Перед картами он привык слышать ровный говорок Алексеева. Вчера сыну разрешили встать из постели — и сегодня отец повёл его сюда. И сам ему объяснял немного.

Теперь пришлось не посетить храмовый праздник Фёдоровского собора. Но к минувшему воскресенью хлопотали отслужить литургию в переносной церкви дворца — чтобы разрешили пропустить священника с дьяконом и четырьмя певчими. Разрешили, но подвергли их строгим формальностям и придиркам на пропуске. Собрались, кто на ногах, — семья, свита, прислуга. Так радостно было, что и в новых обстоятельствах не остались без службы. И молился Николай — за победу русской армии.

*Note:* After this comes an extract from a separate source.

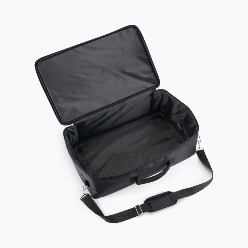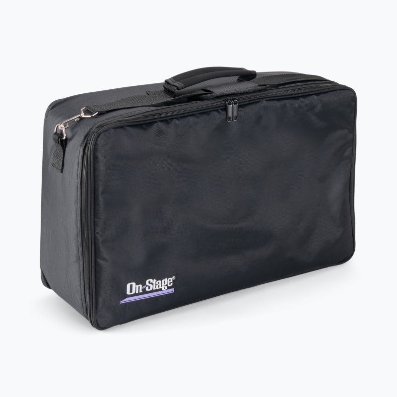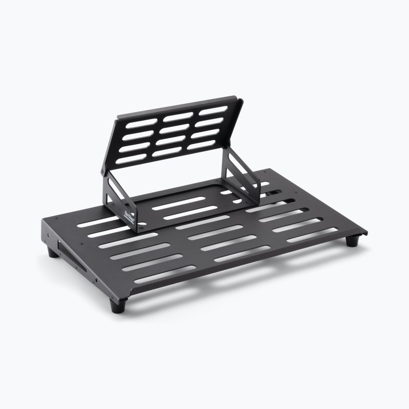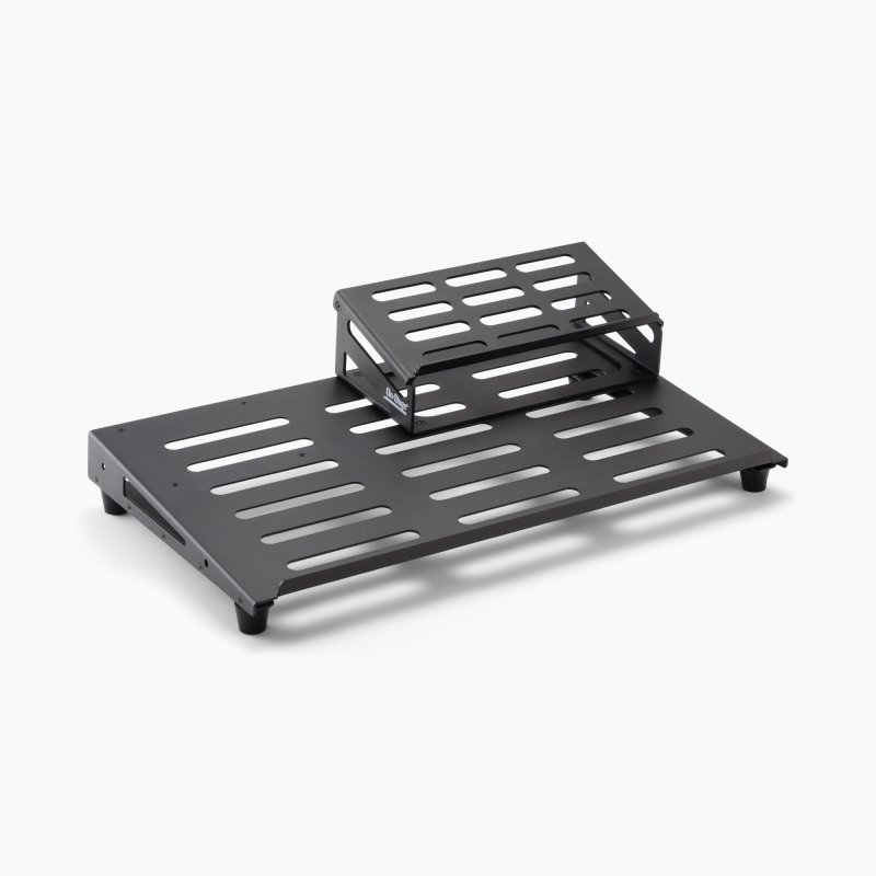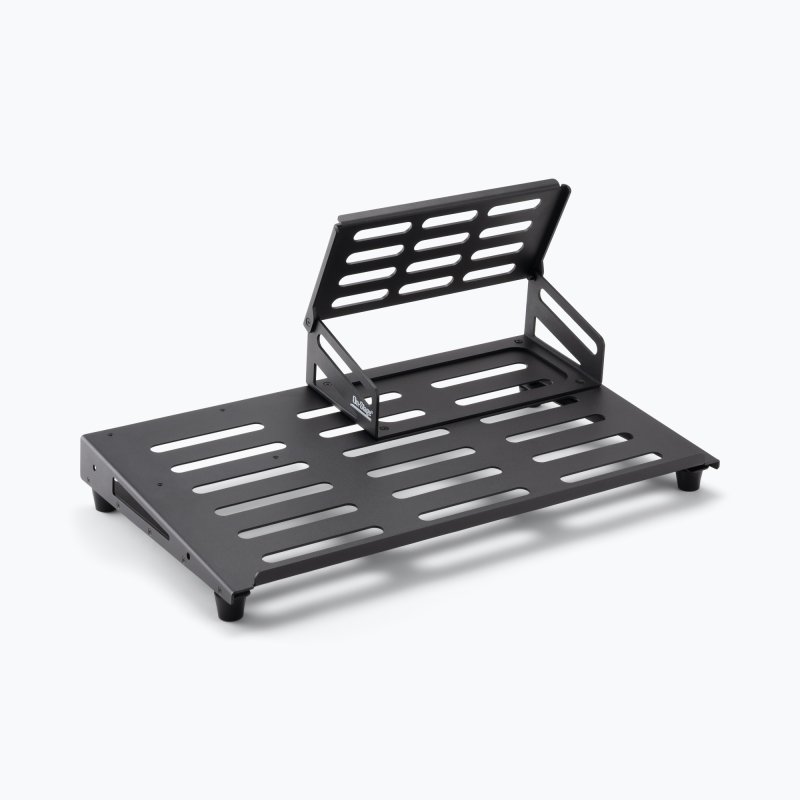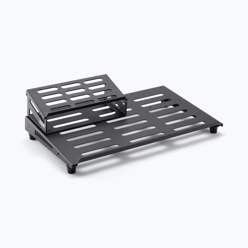 The GPB-DLX Deluxe Pedalboard provides a secure foundation for pedals and enables users to easily store and transport an entire effect chain as a single portable unit. The main platform and upper tier are angled toward the user for comfortable viewing and ease of operating the foot switches. While pedals vary in size, this two-tiered board has plenty of room for up to 11 standard-sized (1590B enclosure) pedals. The upper tier, which holds three standard-sized pedals, can be removed entirely, or positioned on the left, on the right, or in the center of the main platform to fit the user’s preferred pedal arrangement. An added benefit of the upper tier is that a power supply, buffer, or other utility device can be mounted below it without taking up precious pedal space. With the upper tier oriented left or right, the main platform accommodates volume and wah pedals. Slot cutouts make it easy to neatly and efficiently route patch cables and power cords below the surface and out of the way for an organized setup. Constructed of steel, this pedalboard delivers reliable support for your equipment and resists flexing. Nonslip rubber feet prevent slides and skids to keep the setup safely in place. Adhesive hook-and-loop strips are included to prepare the platform and pedals for proper mounting. Quickly attaching pedals using magnets (sold elsewhere) is also possible. For ease of storage and transportation, a protective padded gig bag is included that features a zipper closure, a top handle, and a removable adjustable shoulder strap. |

И слышал опять в ектенье не своё имя, но: «богохранимую державу Российскую и — благоверное правительство её». И — крестился истово, и — молился за Временное правительство: пошли им, Господи, этого благоверия, пошли им успеха в управлении Россией.

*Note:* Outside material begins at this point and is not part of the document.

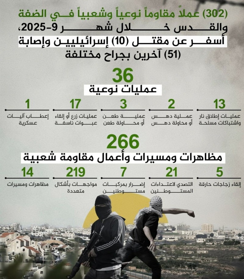 الثورة نت /.. أفاد مركز معلومات فلسطين “مُعطى” اليوم الخميس، أن المقاومة الفلسطينية في الضفة الغربية والقدس نفذت خلال شهر سبتمبر المنصرم،302 عملاً مقاوماً نوعياً وشعبياً، أسفرت عن مقتل 10 “إسرائيليين” وإصابة 51 آخرين بجراح متفاوتة. وذكر “معطى”، في تقرير ، أن شهر سبتمبر شهد 36 عملية نوعية، توزعت على: 13 عملية إطلاق نار واشتباكات […]

Он всё готов был им простить, он — уже им всё простил, лишь бы они спасли Россию!

Первыми с Аликс приложились к кресту, отдали молча общий поклон собравшимся — и ушли.

После того ночного, неоправданного, злого визита Гучкова к Аликс — никто из членов нового правительства не ехал в Царское, не выказывал намерения свидеться с отречённым государем. Их на то свобода. Они не нуждались ничего перенять, ни о чём советоваться. Но бывший государь был отеснён дебрями непонятности. Что будет с ним и его семьёй? Что будет с верными лицами свиты, давшими добровольно себя заточить — но не навсегда же? Что будет с прислугою и служащими? — их сто восемьдесят человек, иные здесь целыми семьями, у других семьи вовне. И — ещё, ещё. Наконец: что будет с дворцовыми гренадерами, этими седыми ветеранами, изувешанными крестами и медалями за все войны, начиная от крымской? Не выбросят же их теперь на улицу?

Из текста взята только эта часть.